Award-winning journalist John Bowe examines how outsourcing, subcontracting, immigration fraud, and the relentless pursuit of “everyday low prices” have created an opportunity for modern slavery to regain a toehold in the American economy. Bowe uses thorough and often dangerous research, exclusive interviews, eyewitness accounts, and rigorous economic analysis to examine three illegal workplaces where employees are literally or virtually enslaved.

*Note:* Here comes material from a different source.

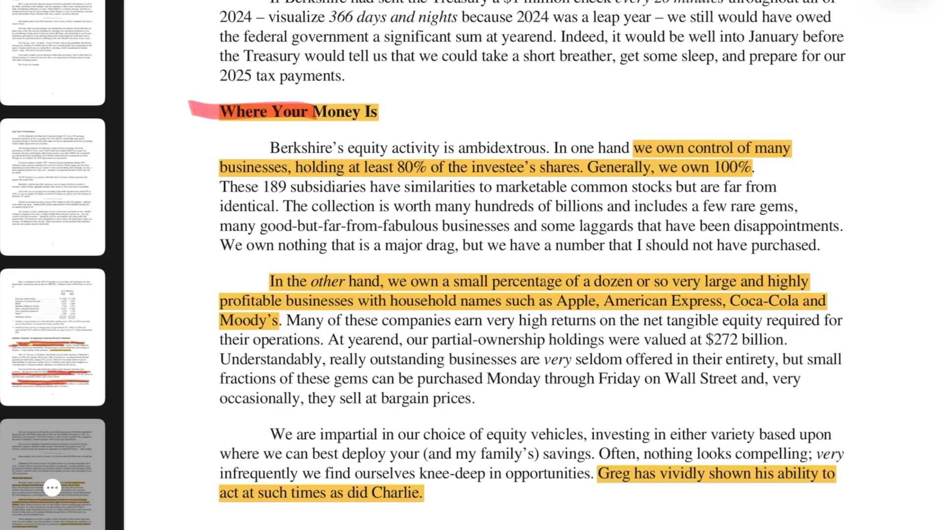 באפט פונה למשקיעים ושואל: "איפה הכסף שלכם?" הוא מדגיש את החשיבות של השקעה בעסקים חזקים, ולא רק בניירות ערך. הוא מסביר כי ברקשייר מחזיקה במניות רבות של חברות מצליחות, וכי הכסף מושקע בעסקים עם פוטנציאל גבוה.

From rural Florida to Tulsa, Oklahoma, to the U.S. commonwealth of Saipan in the Western Pacific, he documents coercive and forced labor situations that benefit us all, as consumers and stockholders, fattening the profits of dozens of American food and clothing chains, including Wal-Mart, Kroger, McDonald’s, Burger King, PepsiCo, Del Monte, Gap, Target, JCPenney, J. Crew, Polo Ralph Lauren, and others.
In this eye-opening book, set against the everyday American landscape of shopping malls, outlet stores, and Happy Meals, Bowe reveals how humankind’s darker urges remain alive and well, lingering in the background of every transaction–and what we can do to overcome them.
Praise for Nobodies:
“Investigative, immersion reporting at its best . . . Bowe is a master storyteller whose work is finely tuned and fearless.”
–USA Today
“A brilliant and readable tour of the modern heart of darkness, Nobodies takes a long, hard look at what our democracy is becoming.”
–Thomas Frank, author of What’s the Matter with Kansas?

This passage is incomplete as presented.